The scope and severity of identified drivers were scored from 1 - 4, with 1 representing low scope and magnitude and 4 represent high scope and magnitude. The scope was assessed according to the percentage of the study plot affected by a given driver within the preceding five years (2014 -2019) (Battisti et al. 2009). To verify whether the identified activities had indeed persisted for at least the preceding five years, one-on-one field interviews were held with managers and users of the wetland (35 persons in all).
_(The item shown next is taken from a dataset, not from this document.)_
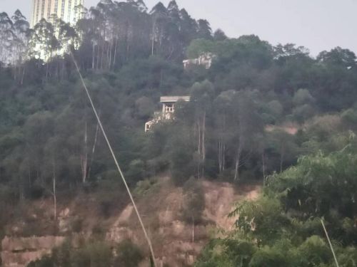 在距离主路数十米远的山坡上,有一栋未完工的建筑。穿过草木,记者看到一栋水泥、钢结构的两层楼房,依坡而建,前无遮挡,占地面积约两三百平方米,硬化地基大概一米多高。同一山坡上,还有一处建筑残垣,仅剩一根梁柱立在陡坡边。
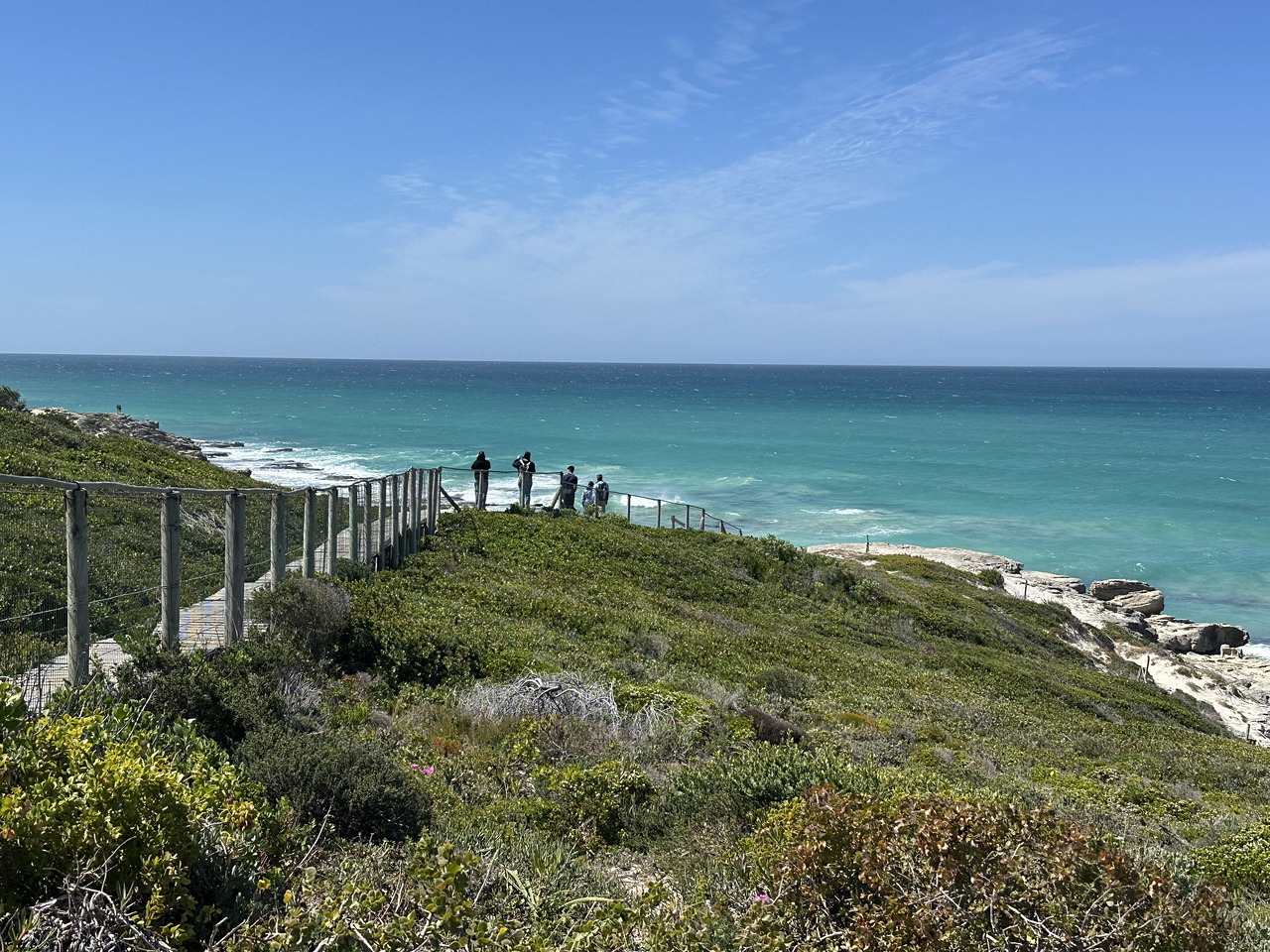 Our 3.7km loop walk took us along the dramatic coastline, past the famed Hippo Pools and across secluded beaches. Corne pointed out why this specific stretch of coast is one of the most important land-based whale-watching spots in the world. The De Hoop Nature Reserve is one of the largest marine protected areas in Africa — extending five kilometers out to sea. This creates a safe, warm, and sheltered bay, the perfect nursery for Southern Right Whales to give birth and raise their calves.

The scores for scope were assigned as follows: 4: found throughout (50%) the sample plots at the sites; 3: in 15–50% of the plots; 2: found in 5–15% of the plots and 1: found in < 5% of the plots (after Battisti et al. 2009).

For ‘‘severity’’ we referred to the degree or intensity to which a driver has physically damaged each plot per site in all four sites. A score of 4 was assigned if the driver led to a severe loss of ground cover and eroded surface; 3 = if the impact induced severe damage; 2 = if the impact led to moderate damage; 1 = if impact induced little or no damage. The magnitude was computed as the sum of the average scope and severity of an activity per plot and ranked (Salafsky et al. 2003).